Use one of the following tactics to insert ghost objects and thus keep traces of both plots on the same x-axis positions:
a) use opacity
b) use a minimal width
c) use a threshold
1. Use two charts instead of two axes
Let's assume we can use two charts with the same layout:
<head>
<!-- Plotly.js -->
<script src="https://cdn.plot.ly/plotly-latest.min.js"></script>
</head>
<body>
<!-- render the upper axis 2 chart -->
<div id="myDiv_upper"></div>
<!-- render the lower axis 1 chart -->
<div id="myDiv_lower"></div>
<script>
/* JAVASCRIPT CODE GOES HERE */
</script>
</body>
With the accompanying js code to create two inital empty charts with the given layouts:
const myDiv = document.getElementById("myDiv_lower");
const myDiv2 = document.getElementById("myDiv_upper");
const layout = {
yaxis: {
domain: [0, 0.5],
title: "axis 1",
constrain: "range"
},
margin: {
t: 0,
b: 0,
pad: 0
},
showlegend: false,
boxmode: "group"
};
const layout2 = {
yaxis: {
domain: [ 0.5, 1 ],
title: "axis 2",
},
xaxis: {
domain: [ 0, 1 ]
},
margin: {
t: 0,
b: 0,
pad: 0
},
boxmode: "group"
};
Plotly.newPlot(myDiv, [], layout);
Plotly.newPlot(myDiv2, [], layout2);
The resulting empty plot will look like this, if no further data is added:
2. Use a single source of data for each trace (A, B, C)

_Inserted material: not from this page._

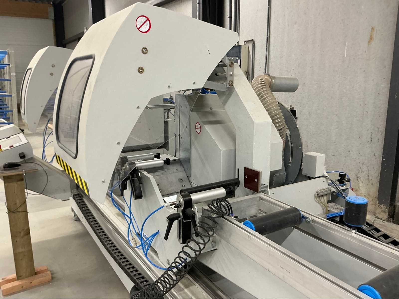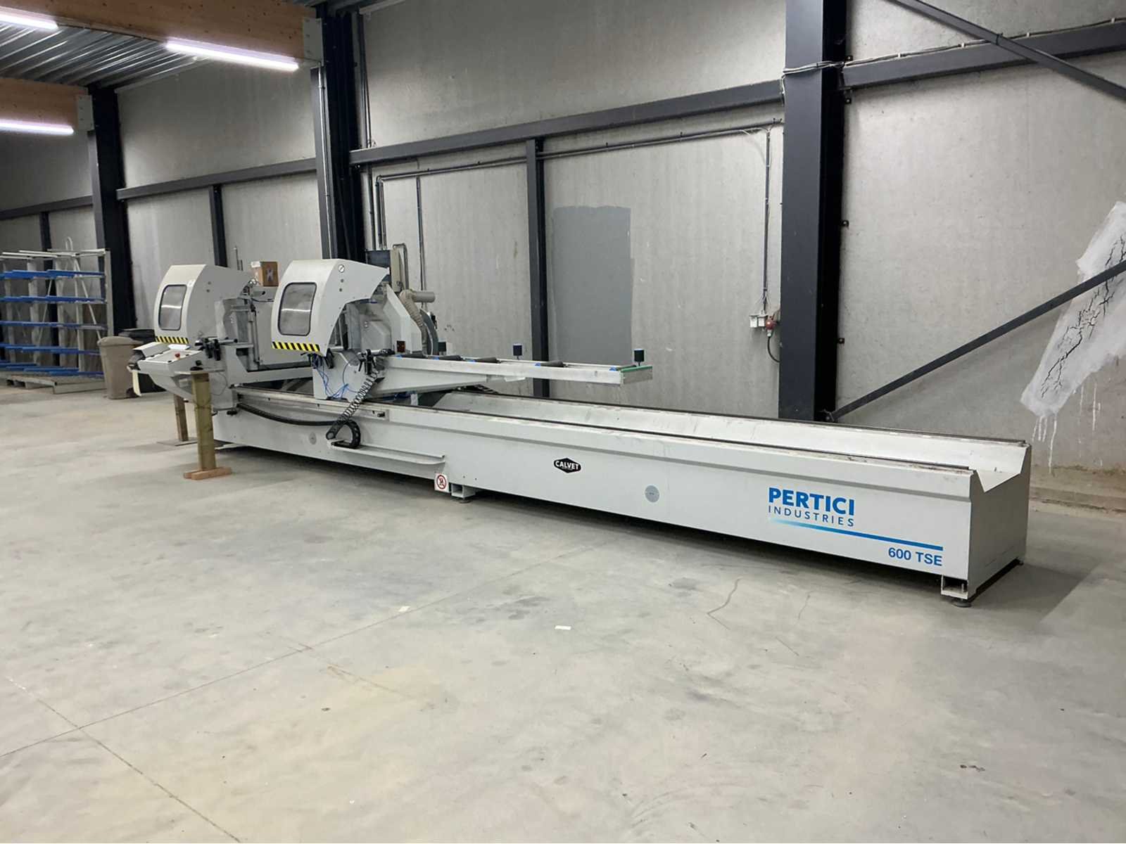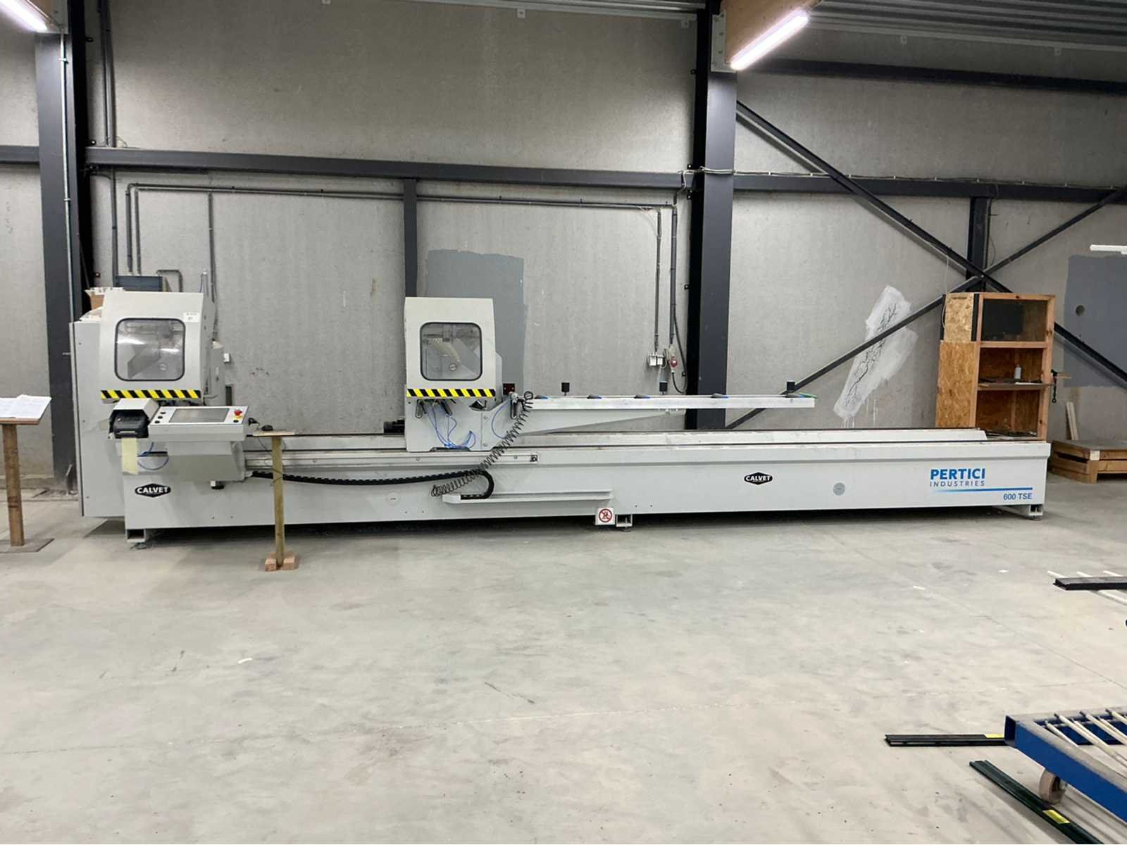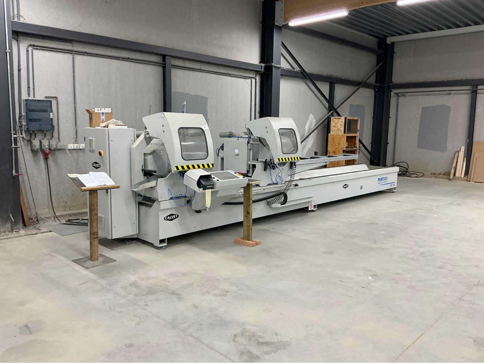 De machine bevindt zich in gebruikte maar goede staat: De Pertici 600 TSE is een dubbele verstekzaagmachine (Double Mitre Saw) voor het zagen van aluminium- en PVC-profielen. Belangrijkste kenmerken: Twee zaagkoppen met een zaagblad van 600 mm diameter. Beide koppen kunnen onder verstek zagen (meestal van 45° tot 90°). De rechterkop is automatisch verplaatsbaar (servo- of pneumatisch gestuurd). Geschikt voor precisiewerk in raam- en deurproductie of gevelbouw. Aansturing via een CNC- of digitaal controlesysteem (afhankelijk van de uitvoering). ⚡ Aansluitings- en gebruiksvereisten: Elektrisch: 400 V / 3-fase / 50 Hz. Perslucht: minimaal 6,5 bar (droog en olievrij). Vermogen: 8 kW → aanbevolen zekering ± 16–20 A. Geluidslevel: ± 63 dB(A) op werkafstand. Non Merk: Pertici Type: 600 TSE twee kops afkortzaag Bouwjaar: 2022 Serienummer: 00000037 Motorvermogen (kW): 8kW Aansluiting: 400V Machinegewicht: 2050kg
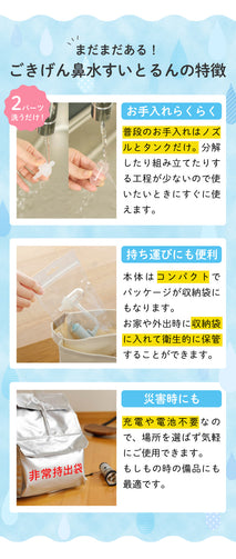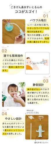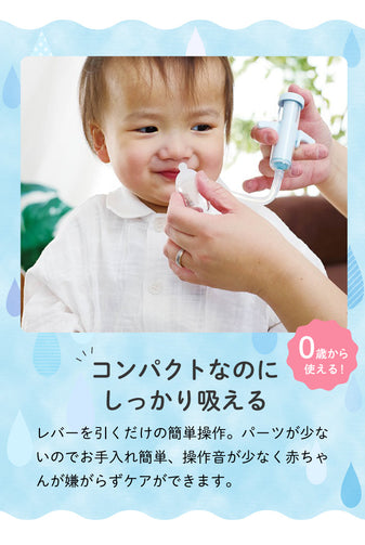 お鼻が小さく、少しの鼻水で鼻づまりをしてしまう赤ちゃん。お鼻が詰まっている状態は、赤ちゃんも不機嫌となり、寝つきも悪くなってママ・パパも心配になります。そこで、重要視されている“パワフルな吸引力”の真空ポンプ式をベースに、新たな形の鼻水吸引器を開発しました。 従来の真空ポンプ式は、ポンプの大きさが目立つものが主流ですが、持ち運びやすいコンパクトさと、操作性の高さを目指した進化モデルが誕生です。 今回の「ごきげん鼻水すいとるん」は、手軽に、家族みんなで快適に過ごせるよう、育児の必需品の1つとして新たに提案したい鼻水吸引器となりました。

We can then split the data into three main source-objects:
const A = {
x: ["Site 1", "Site 1", "Site 1", "Site 1", "Site 1", "Site 1"],
xaxis: "x",
yaxis: "y",
name: "A",
legendgroup: "A",
type: "box",
boxpoints: false,
y: ["3.81", "3.74", "3.62", "3.50", "3.50", "3.54"]
};
const B = {
x: ["Site 1", "Site 1", "Site 1", "Site 1", "Site 1", "Site 1"],
xaxis: "x",
yaxis: "y",
name: "B",
legendgroup: "B",
type: "box",
boxpoints: false,
y: ["1.54", "1.54", "1.60", "1.41", "1.65", "1.47"]
};
const C = {
x: ["Site 1", "Site 1", "Site 1", "Site 1", "Site 1", "Site 1"],
xaxis: "x",
yaxis: "y",
name: "C",
legendgroup: "C",
type: "box",
boxpoints: false,
y: ["3.31", "3.81", "3.74", "3.63", "3.76", "3.68"]
}
3. Add traces to each (or both) of the plots dynamically, based on external decision
First of all we create a helper add, that updates the charts, based on new incoming data and one that creates our ghost object helper, named placeholder:
const placeholder = src => {
const copy = Object.assign({}, src)
// use one of the strategies here to make this a ghost object
return copy
}
const add = ({ src, y1, y2 }) => {
let src2
if (y1 && y2) {
Plotly.addTraces(myDiv, [src])
Plotly.addTraces(myDiv2, [src])
} else if (y1 && !y2) {
src2 = placeholder(src)
Plotly.addTraces(myDiv, [src])
Plotly.addTraces(myDiv2, [src2])
} else if (!y1 && y2) {
src2 = placeholder(src)
Plotly.addTraces(myDiv, [src2])
Plotly.addTraces(myDiv2, [src])
} else {
throw new Error('require either y1 or y2 to be true to add data')
}
}
Based on the given images the decisions to add the data to the axis would result in the following calls:
add({ src: A, y1: true, y2: true })
add({ src: B, y1: true, y2: false })
add({ src: C, y1: true, y2: true })
This would create the following (yet not satisfiable) result:
Now we have at least resolved the grouping and color. The next step is to look for possible ways of making B a ghost object, that requires spacing in the upper chart but won't display the data.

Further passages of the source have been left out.